NVIDIA today released a free edition of Parallel Nsight, a GPU-accelerated application development tool set that integrates with Visual Studio 2008 SP1 Professional edition. It can be deployed on Windows HPC Server 2008, Windows 7 and Windows Vista.

Nsight can be used to develop Compute Unified Device Architecture (CUDA) C/C++ applications, or applications that use Microsoft’s DirectCompute DirectX API. CUDA was created by NVIDIA to make its hardware accessible to developers. NVIDIA developed CUDA C/C++ as an extension to C/C++ for parallel programming. The CUDA C/C++ language is being taught at more than 350 universities, the company claims.

The Parallel Nsight tool set allows applications to execute across both CPUs and GPUs, but the GPUs must support NVIDIA’s CUDA architecture. Several NVIDIA GPUs are capable of running CUDA applications, said Sanford Russell, general manager of GPU Computing at NVIDIA.

GPUs have a parallel throughput architecture that can be exploited to accelerate applications in finance, graphics, cryptography and other disciplines.

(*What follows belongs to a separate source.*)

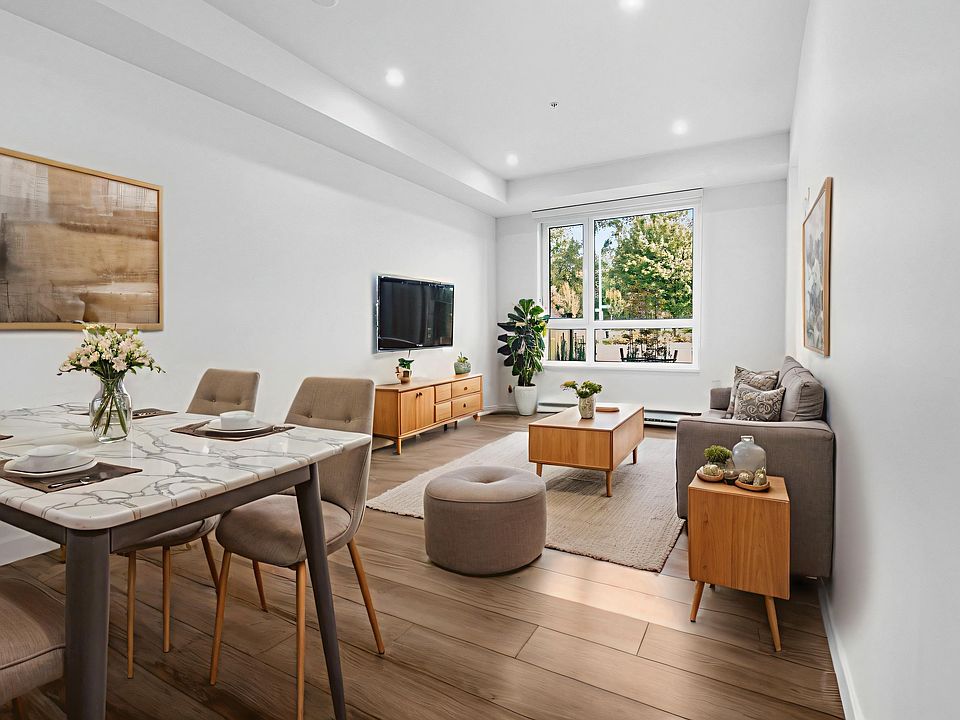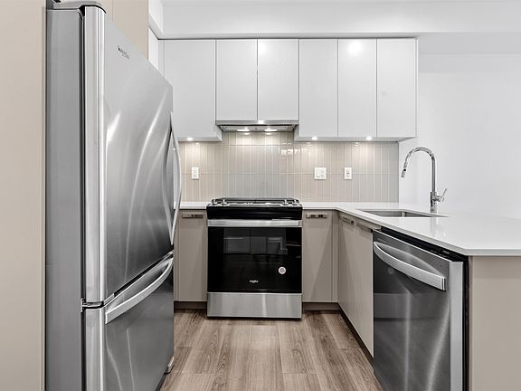 Welcome to Silva 1! This ground-level, 1 bedroom and 1 bathroom features a spacious ground-floor patio offering easy access to nearby parks and bus stops, perfect for relaxation or hosting. Enjoy refined cooking on a gas stove, complemented by premium finishes throughout — stainless steel appliances, quartz countertops, wide-plank flooring, in-suite laundry, and an elegant double-sink bathroom. Located in the heart of East Newton, you’ll be within walking distance of shops (Costco, Superstore, Canadian Tire, restaurants, and schools. The building features numerous amenities: a beautifully designed courtyard, fully equipped fitness center, co-working area, social lounges, community kitchen, and more. This is the perfect home for first-time home buyers, young couples or investors!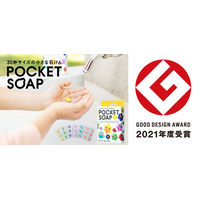 グッドデザイン賞受賞!ウイルスを可視化する30秒サイズの石けん「POCKET SOAP」。子どもたちに手洗いの必要性を親しみやすく的確に訴求した、公衆衛生性の高いアプローチが評価されました。

Parallel Nsight packages 10 of NVIDIA’s development tools that were previously standalone, integrating build, debugging and profiling, said Russell. It plugs fully into Microsoft’s debugging engine, a feat that took NVIDIA a year and a half of engineering work to accomplish, he added.

“Research shows that developers believe the most difficult tasks when developing parallel applications are debugging, performance tuning and designing parallel algorithms,” said David Rich, director of technical computing at Microsoft. “By integrating GPU computing into Visual Studio, NVIDIA’s Parallel Nsight is transforming the way GPU-based parallel computing applications are developed for Windows.”

A Professional edition of Parallel Nsight is available as a release candidate. It adds additional functionality, including a CUDA C/C++ performance analyzer, OpenCL and OpenGL analyzers, and DirectX 10 and 11 analyzers.